◆ Goal of the exercise: Among the entries below, only the lines from the one with "Tofisa İndigo Düğmeli Kuşaklı Tunik" through the one with "Được thay ra" are to be retyped, exactly and without pictures.

═══ Task input ═══

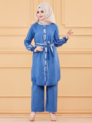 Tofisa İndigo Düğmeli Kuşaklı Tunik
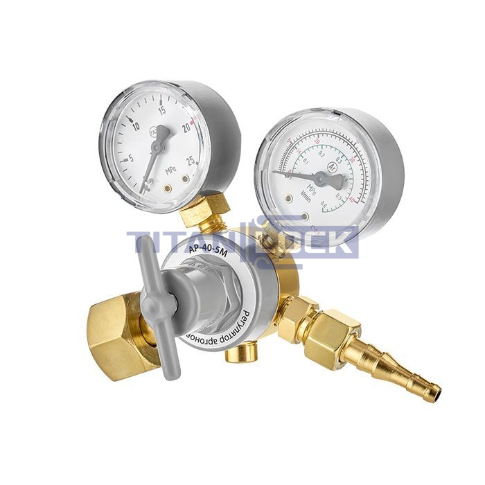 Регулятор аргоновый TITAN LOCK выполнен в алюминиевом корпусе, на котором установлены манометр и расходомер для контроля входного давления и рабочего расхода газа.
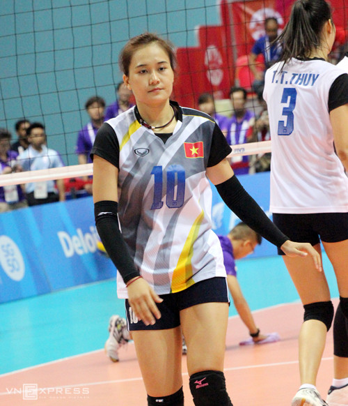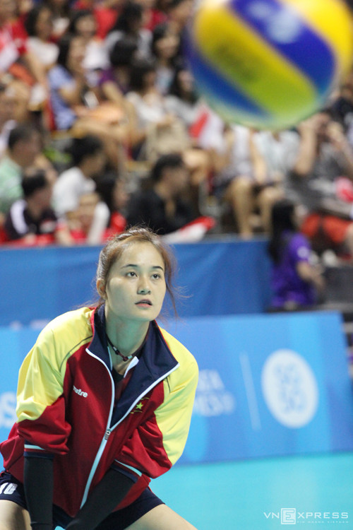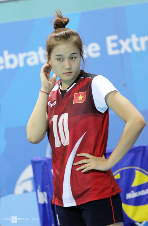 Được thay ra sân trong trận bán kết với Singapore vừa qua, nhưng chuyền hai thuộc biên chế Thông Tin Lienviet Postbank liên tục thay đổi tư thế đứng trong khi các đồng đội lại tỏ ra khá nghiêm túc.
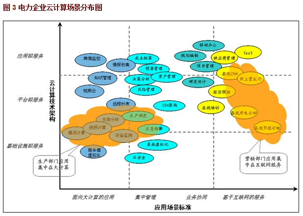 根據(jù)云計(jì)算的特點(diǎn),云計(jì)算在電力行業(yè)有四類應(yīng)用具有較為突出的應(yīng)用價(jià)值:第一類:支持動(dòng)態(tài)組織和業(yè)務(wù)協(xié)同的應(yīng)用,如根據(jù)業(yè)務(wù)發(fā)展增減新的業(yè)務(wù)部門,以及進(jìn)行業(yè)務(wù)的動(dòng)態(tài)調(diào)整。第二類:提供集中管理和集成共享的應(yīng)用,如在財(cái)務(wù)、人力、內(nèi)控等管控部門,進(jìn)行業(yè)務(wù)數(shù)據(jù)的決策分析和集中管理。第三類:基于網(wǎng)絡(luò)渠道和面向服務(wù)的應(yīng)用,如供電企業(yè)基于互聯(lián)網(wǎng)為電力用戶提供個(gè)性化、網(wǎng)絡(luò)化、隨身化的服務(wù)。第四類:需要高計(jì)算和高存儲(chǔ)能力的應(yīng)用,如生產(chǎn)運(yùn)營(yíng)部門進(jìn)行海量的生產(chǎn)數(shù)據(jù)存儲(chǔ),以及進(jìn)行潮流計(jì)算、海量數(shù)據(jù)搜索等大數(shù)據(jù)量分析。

═══
═══ Task input ═══

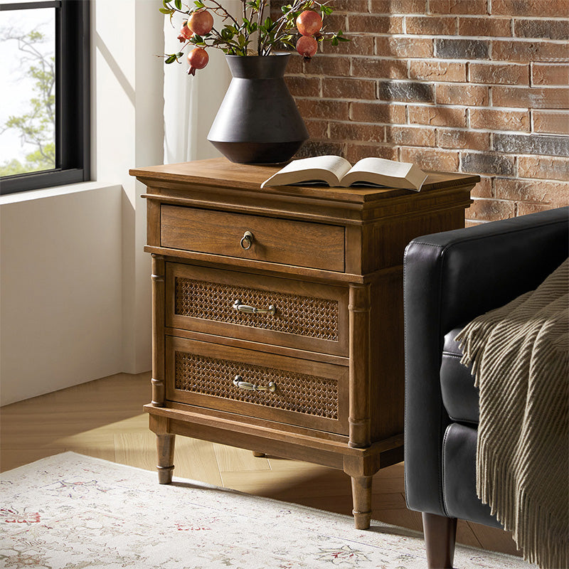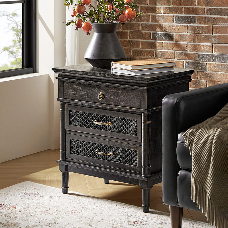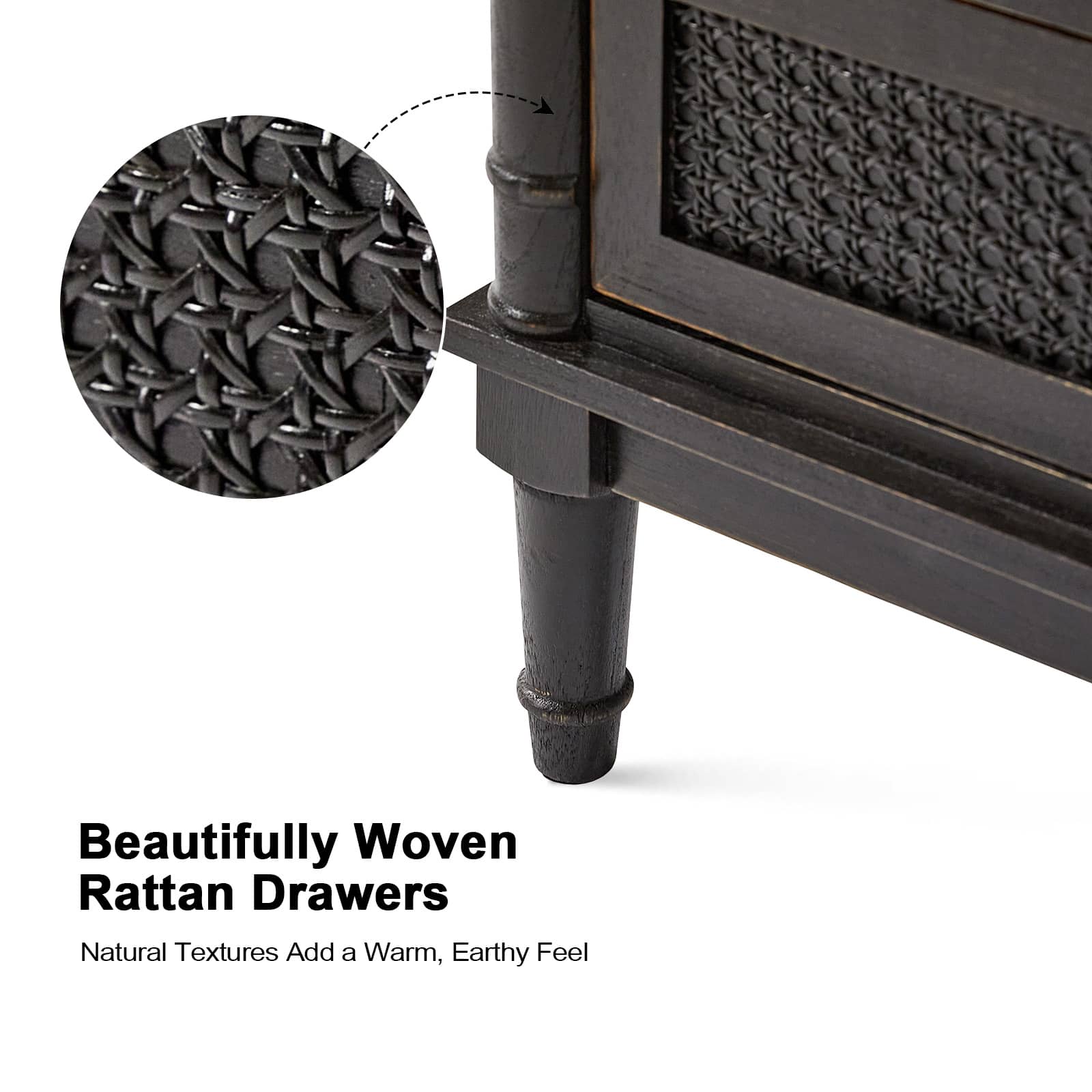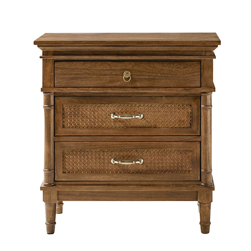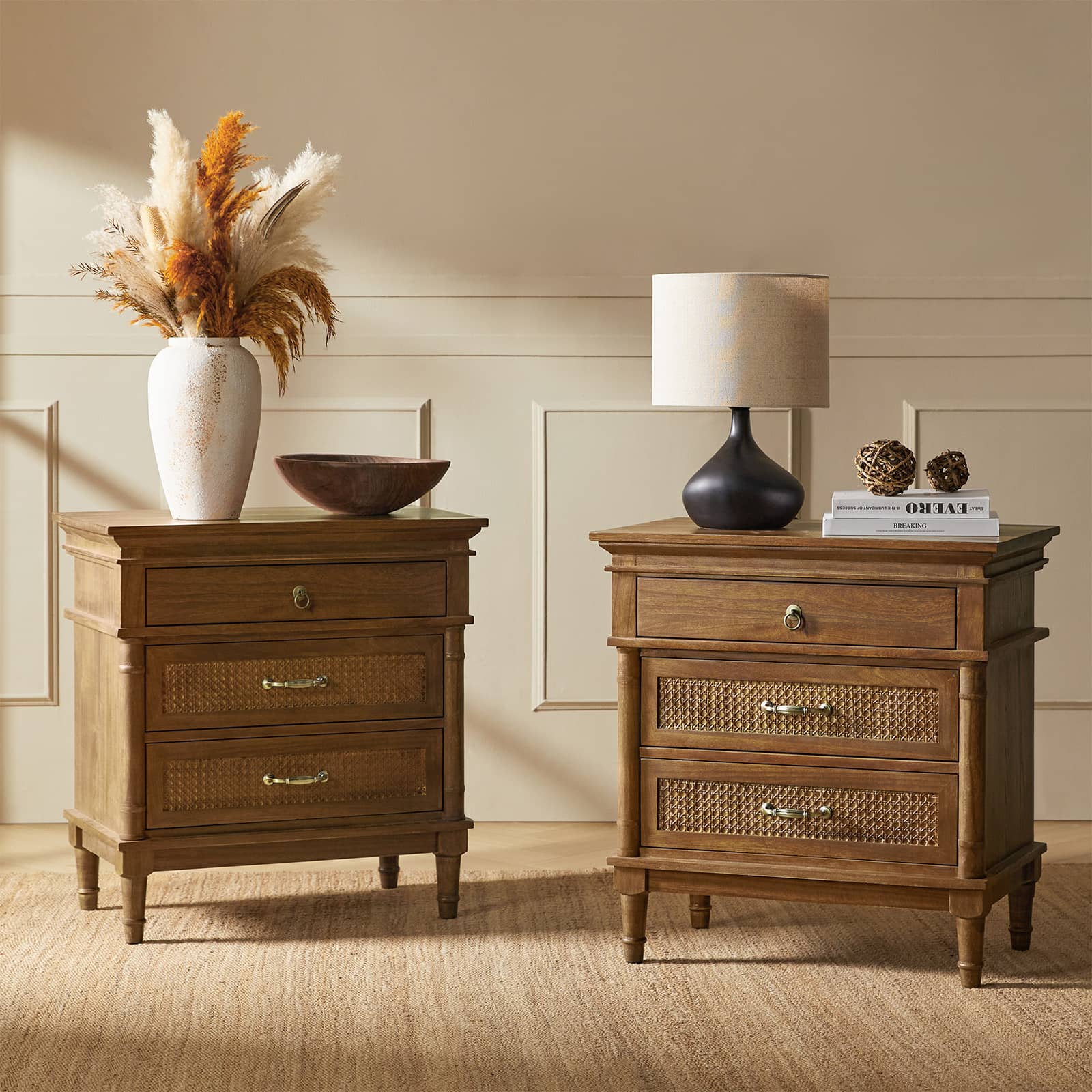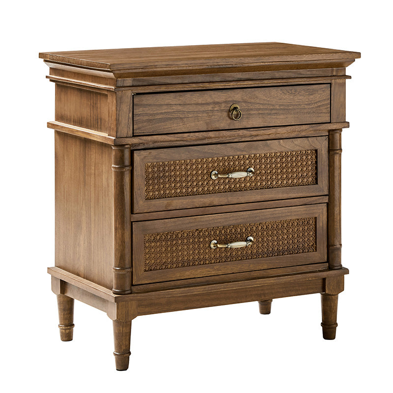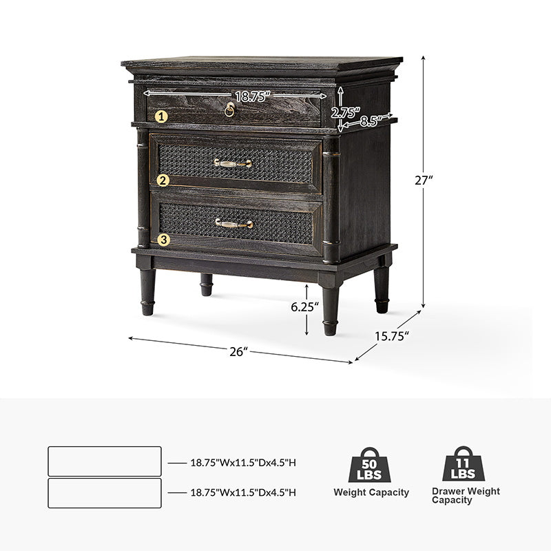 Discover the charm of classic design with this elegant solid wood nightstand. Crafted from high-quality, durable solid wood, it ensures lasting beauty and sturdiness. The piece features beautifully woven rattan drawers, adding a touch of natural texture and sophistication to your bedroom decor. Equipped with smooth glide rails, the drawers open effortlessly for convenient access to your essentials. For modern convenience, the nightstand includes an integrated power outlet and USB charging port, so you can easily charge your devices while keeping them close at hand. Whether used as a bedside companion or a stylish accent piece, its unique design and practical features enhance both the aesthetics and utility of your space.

═══

◆ Exercise solution:
 Tofisa İndigo Düğmeli Kuşaklı Tunik
 Регулятор аргоновый TITAN LOCK выполнен в алюминиевом корпусе, на котором установлены манометр и расходомер для контроля входного давления и рабочего расхода газа.
 Được thay ra sân trong trận bán kết với Singapore vừa qua, nhưng chuyền hai thuộc biên chế Thông Tin Lienviet Postbank liên tục thay đổi tư thế đứng trong khi các đồng đội lại tỏ ra khá nghiêm túc.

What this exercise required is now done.